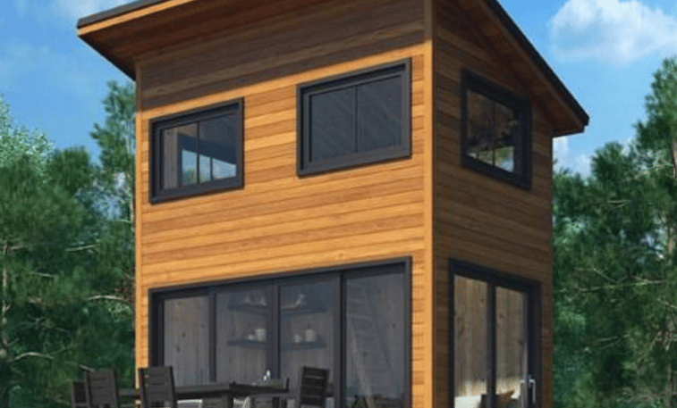 Cabanamood Haven model with premium dark wood facade and panoramic glass
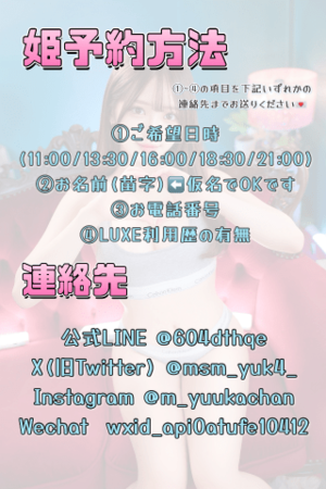 お店に直接のネット予約やお電話でのお誘いも当たり前に嬉しいのですが、ゆうかに直接ご連絡いただけると特典が選べますので是非✨️
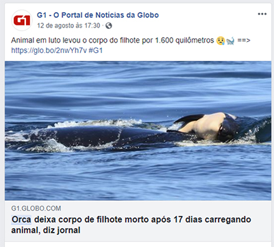 “Thlequah, a mãe orca também conhecida como J35, foi vista na tarde de quarta-feira (8), ainda carregando seu filhote morto. Ela está há 17 dias consecutivos carregando o corpo do filhote.” A orca precisou viver o luto da morte de seu filhote. Muito triste :/
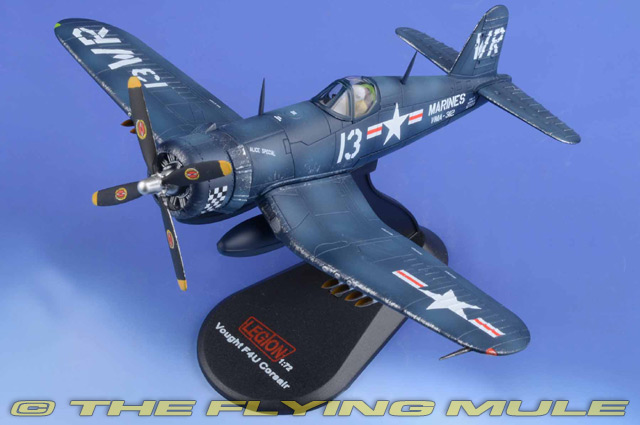 Marine Fighter Squadron 312 (VMF-312) was commissioned on 1 June 1943, at Page Field, Parris Island, South Carolina. The squadron transferred to Marine Aircraft Group 12, MCAS El Toro in July 1950 and was alerted for deployment and service in the Korean War. The first VMF-312 aircraft flew in Korea on 19 September 1950. Flying out of Wonson Air Base, the Checkerboards flew missions in support of the 1st Marine Division during the Battle of Chosin Reservoir. Redeployed in March 1951 aboard the light carrier USS Bataan (CVL-29), the Checkerboards were assigned escort and blockade missions. While aboard Bataan, the Checkerboards became the first piston engine squadron to shoot down a jet aircraft, when Captain Jesse Folmar shot down a MiG-15 jet fighter with 20 mm cannon fire. Designed to meet a US Navy requirement for a single-seat carrier based fighter, the F4U was first flown on May 29th, 1940. This versatile aircraft saw service with both the Navy and Marine Corps in WW II and in the Korean War. During its lifetime, the Corsair underwent numerous improvements such as a lengthened fuselage, a high visibility bubble-top canopy and folding inverted gull wings that provided clearance for a large propeller. Its performance advantage, 400 mph capability, the ability to withstand punishment and six .50 Browning machine guns made the F4U a devastating weapon against aircraft, ground targets and ships. © Copyright 2003-2025 The Flying Mule, Inc. The Legion Models range presents detailed, ready-made diecast models of military aicraft in 1:72 scale. Legion Models diecast airplanes feature: - Diecast metal construction with some plastic components.
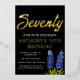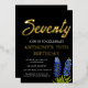 Bluebonnets watercolor floral, Texas flowers, modern, black and gold foil, stylish 70th birthday invitations. You can personalise it with your own details.
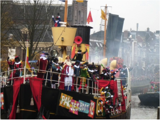 Non-Dutch people seem to have a problem with the tradition of Sinterklaas, which can be really confusing to Dutch people. Black Pete was never meant to be racist or even discriminative; however, people perceive him that way. To say that the problems with this tradition are something of the last decade, or maybe even the last century, would be incorrect, as discussed above with the complaints from the pastor from Gouda. Even a simple search online would indicate that different cultures living in the Netherlands don’t always appreciate or understand our tradition (Helsloot 1996; Simons 1996, 1998; Grimes 2005). It seems that at any given time in the history of the tradition, someone seemed to have a problem, and many changes have been made to accommodate those that do not agree. For example in the late 19th to early 20th century Sinterklaas was accompanied by one male Black Pete (Schenkman 1907). He is now accompanied by hundreds of Petes, both male and female. Not only has Pete multiplied, there is now a Pete-School, where the Petes learn how to wrap presents and throw candy. There has even been delegation, as there is a navigation-Pete, a package-Pete, a pepernoten-Pete etc. In the end it turned out that it was not the UN that declared an investigation, but people working within a voluntary department of the UN who do not agree with the tradition and support the idea that ‘Zwarte Piet is racisme’ (Black Pete is racism). It started a big debate in the Netherlands of huge proportions, as the Facebook page ‘Pietitie,’ to save Black Pete reached over 1 million likes within 24 hours which is quite a feat for a country of only 17 million people (RTL Nieuws, 2013). This year, the Saint made his normal entry into the country with his Petes, the only difference being that they were not wearing their big hooped earrings. Slowly but surely the tradition is changing, which indicates that the Netherlands accommodates all cultures that reside there, and still wants to hold strong to the values and principles of tolerance which made the country such an international refuge and success in the international trading market.
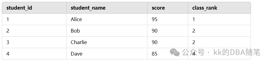 SELECTstudent_id,student_name,score,RANK() OVER (ORDER BY score DESC) AS class_rankFROMstudents;
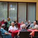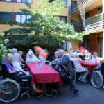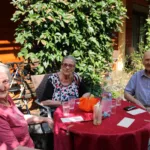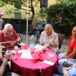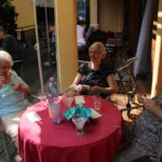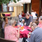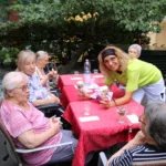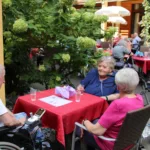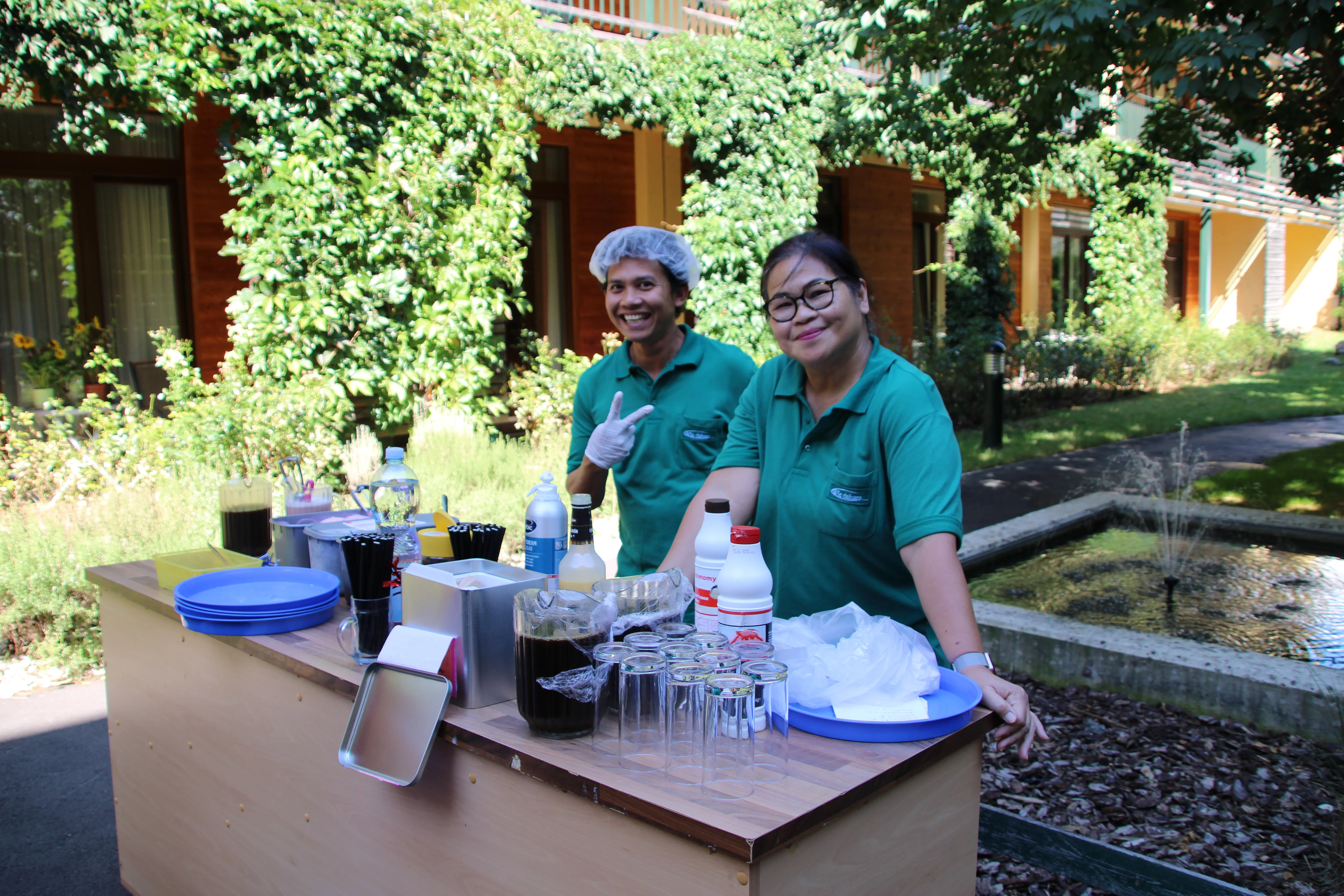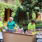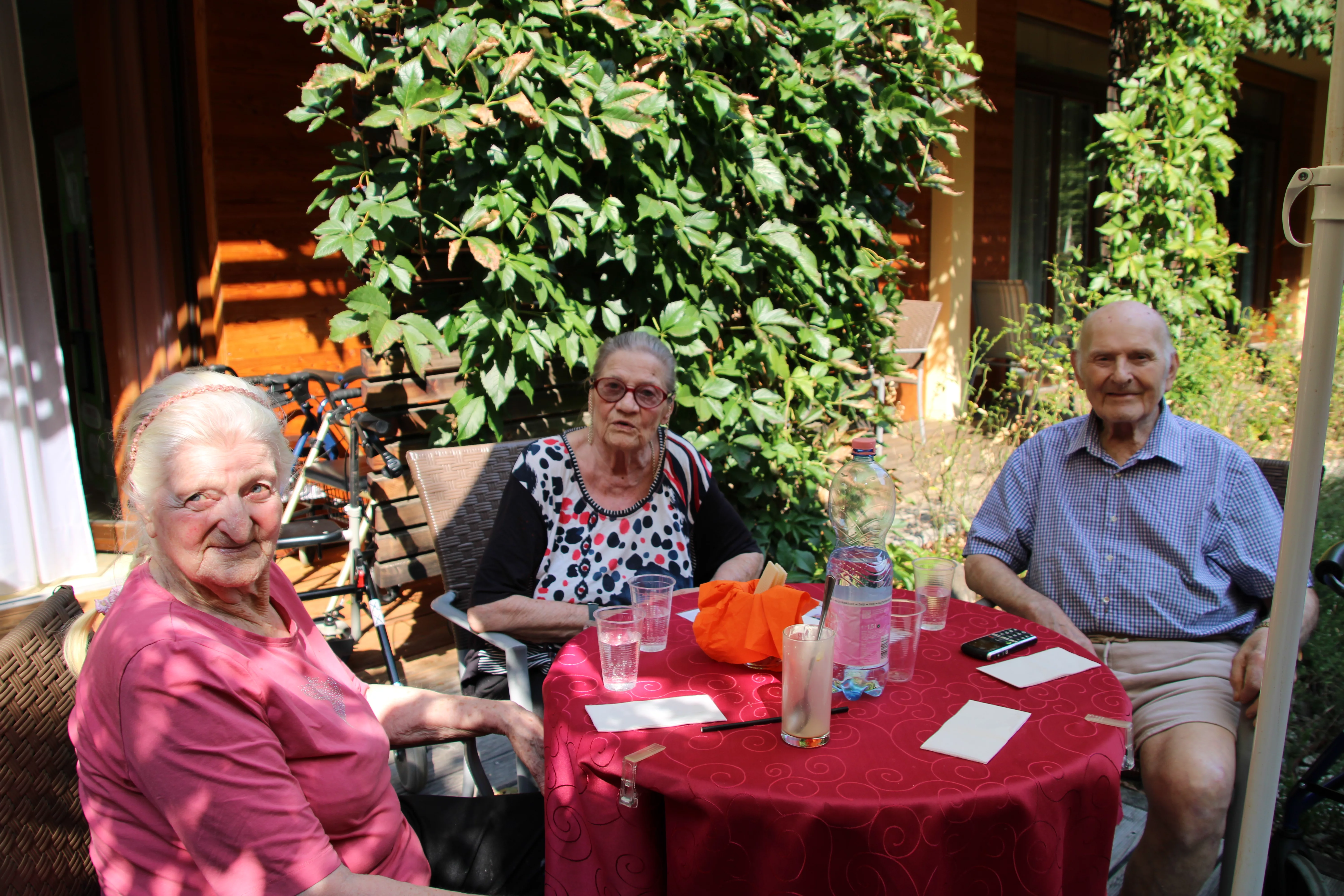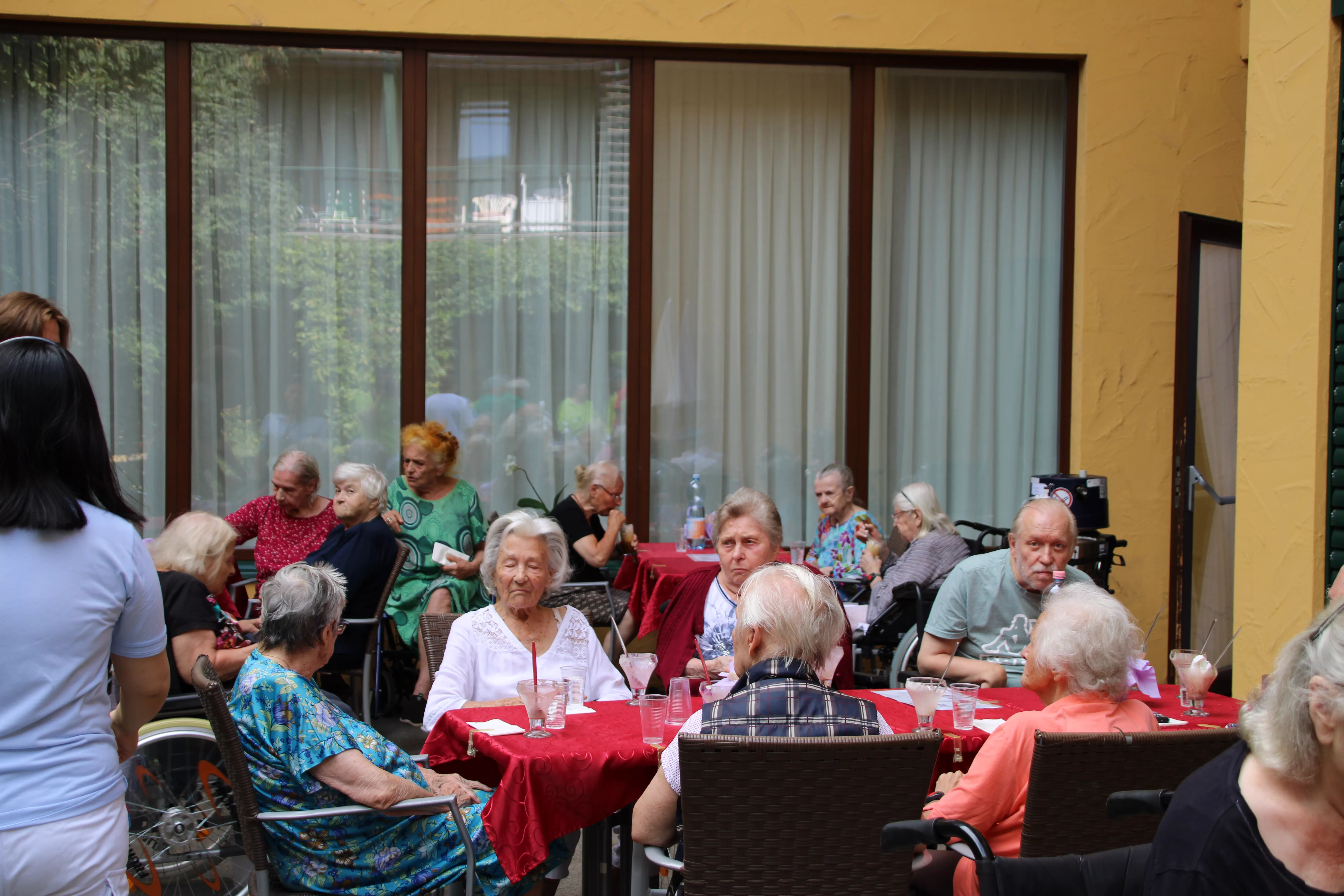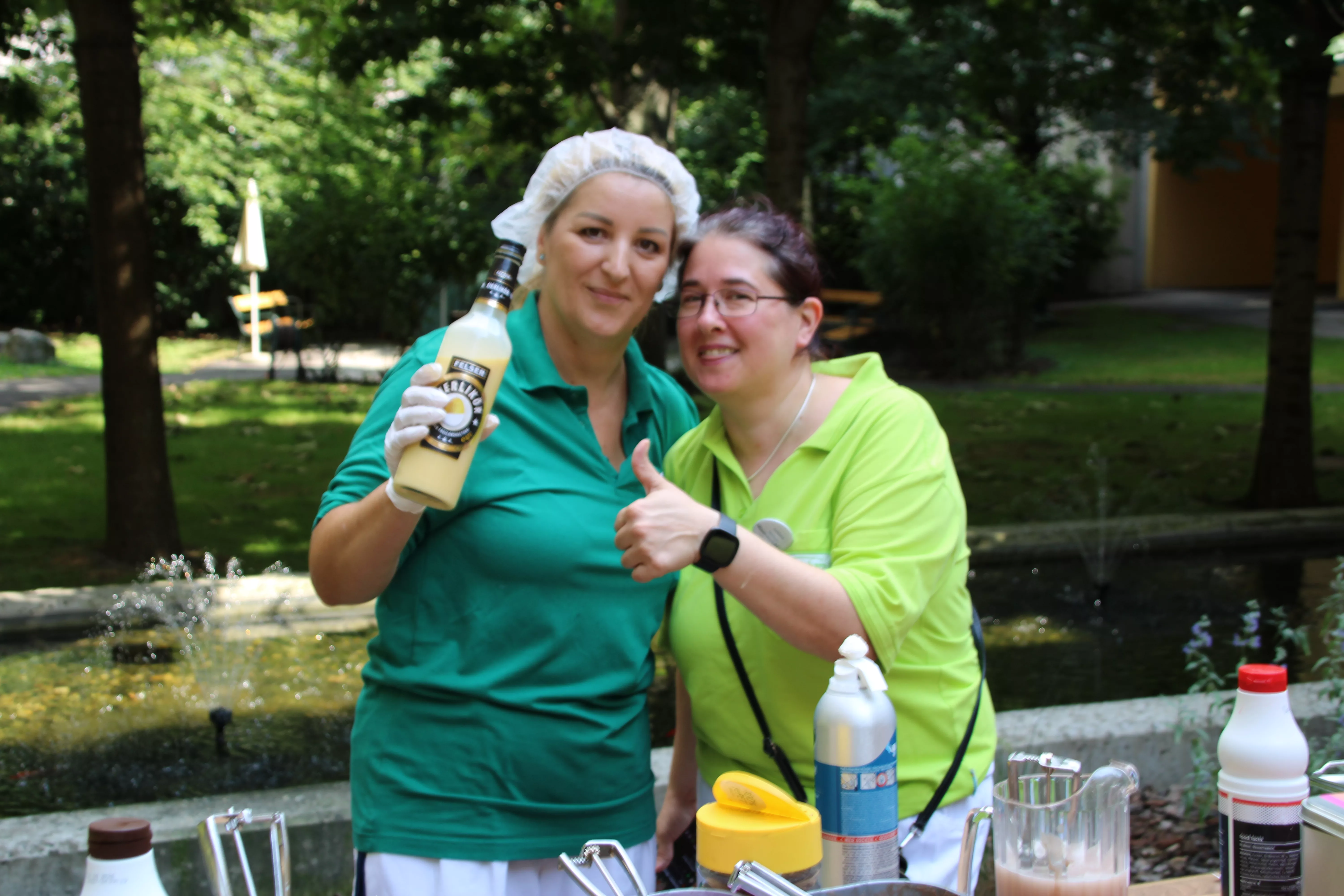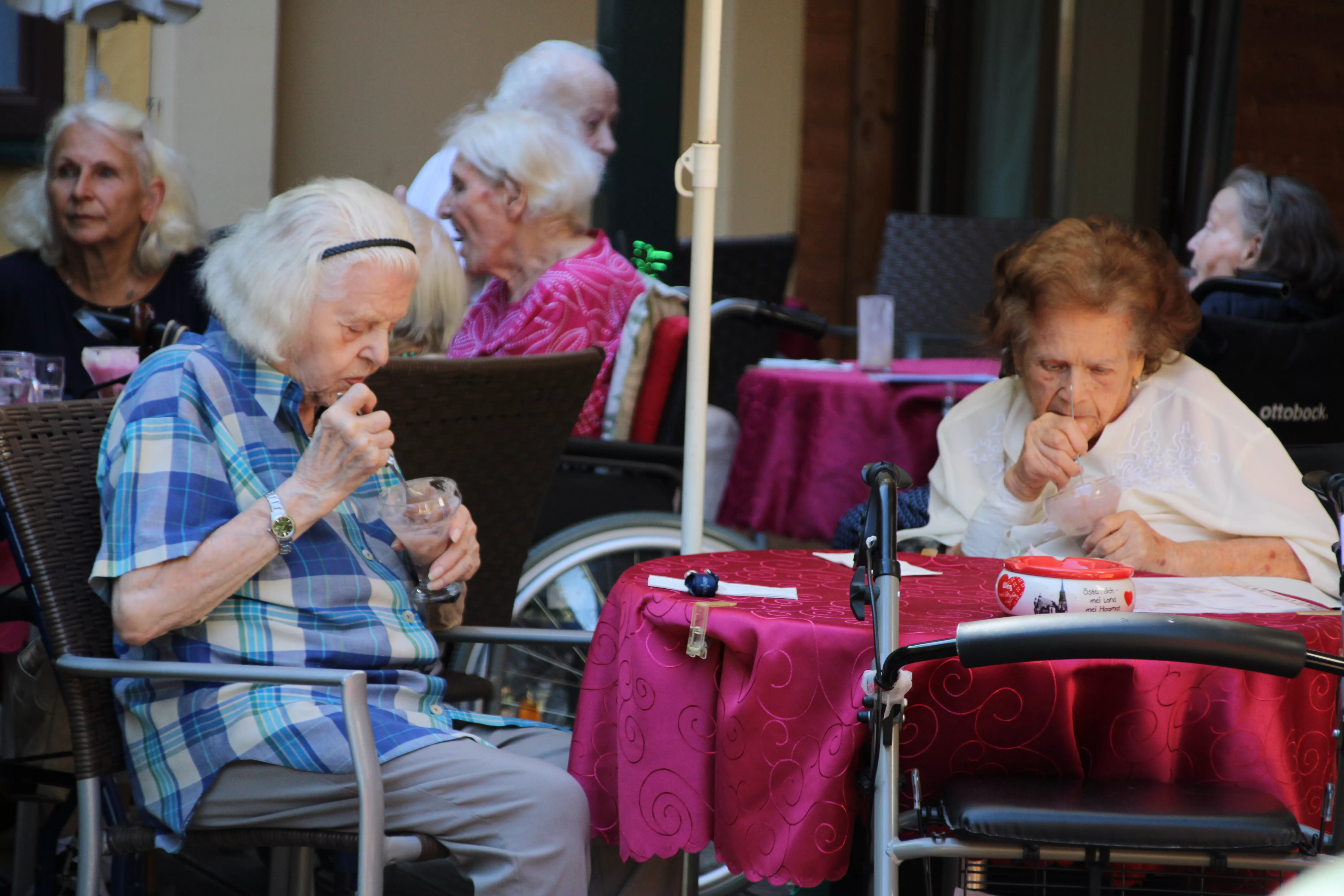Eisparty im Garten Das schöne Sommerwetter trug zur guten Stimmung bei. BewohnerInnen treffen sich aus allen Stockwerken bei einem guten Eisbecher.

### ABOUT THIS EXERCISE
Starting with the first line of the data above, write out each line exactly up to and including the line that holds "お店に直接のネット予約やお電". Pictures stay out.

### YOUR SOLUTION
 Cabanamood Haven model with premium dark wood facade and panoramic glass
 お店に直接のネット予約やお電話でのお誘いも当たり前に嬉しいのですが、ゆうかに直接ご連絡いただけると特典が選べますので是非✨️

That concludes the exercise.